## What needs to be done:
Beginning at the line that contains "Stół ma wysokość" and finishing at the line that contains "개인 신용대출 상품을", output the data below exactly. Include both end lines and no pictures.

## Source material:
- - - - -
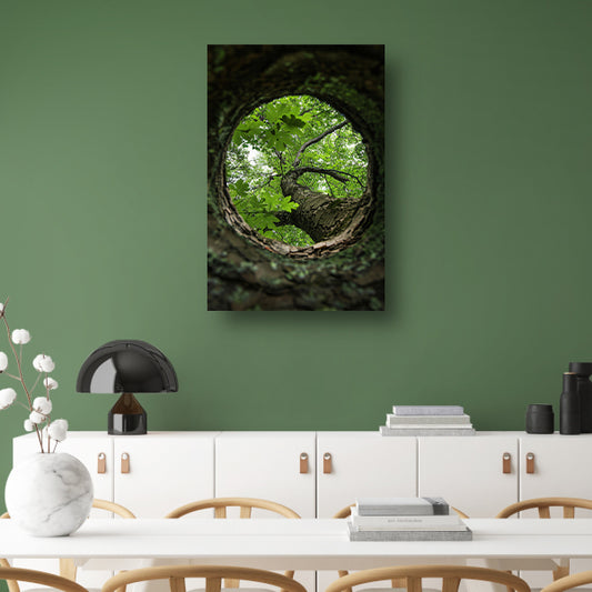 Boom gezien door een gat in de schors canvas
- - - - -
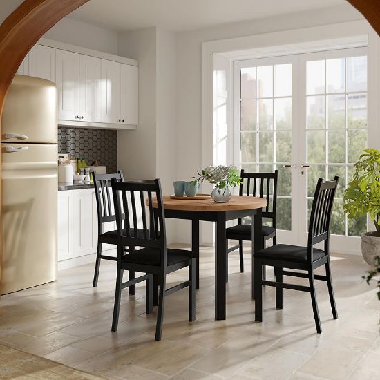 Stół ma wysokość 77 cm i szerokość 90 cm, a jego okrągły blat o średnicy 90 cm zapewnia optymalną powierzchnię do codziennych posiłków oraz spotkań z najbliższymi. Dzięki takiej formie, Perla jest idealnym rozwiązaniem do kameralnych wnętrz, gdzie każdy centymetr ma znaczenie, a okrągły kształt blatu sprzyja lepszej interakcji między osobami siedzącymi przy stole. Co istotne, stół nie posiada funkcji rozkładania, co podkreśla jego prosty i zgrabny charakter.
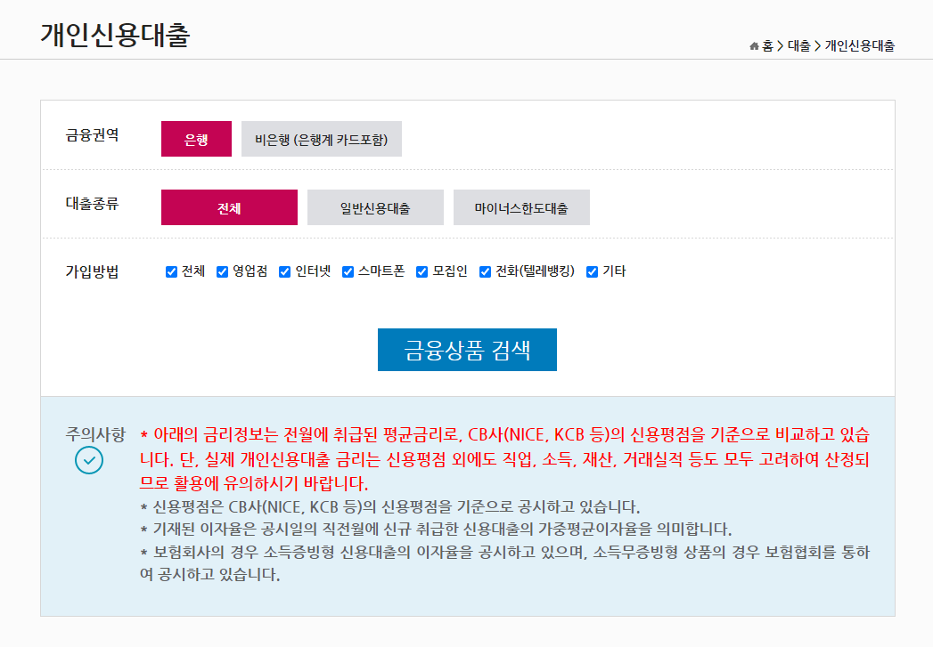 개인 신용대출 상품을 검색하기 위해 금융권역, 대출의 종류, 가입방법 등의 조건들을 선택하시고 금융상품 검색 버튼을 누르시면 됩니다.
- - - - -
## Response to this exercise:
 Stół ma wysokość 77 cm i szerokość 90 cm, a jego okrągły blat o średnicy 90 cm zapewnia optymalną powierzchnię do codziennych posiłków oraz spotkań z najbliższymi. Dzięki takiej formie, Perla jest idealnym rozwiązaniem do kameralnych wnętrz, gdzie każdy centymetr ma znaczenie, a okrągły kształt blatu sprzyja lepszej interakcji między osobami siedzącymi przy stole. Co istotne, stół nie posiada funkcji rozkładania, co podkreśla jego prosty i zgrabny charakter.
 개인 신용대출 상품을 검색하기 위해 금융권역, 대출의 종류, 가입방법 등의 조건들을 선택하시고 금융상품 검색 버튼을 누르시면 됩니다.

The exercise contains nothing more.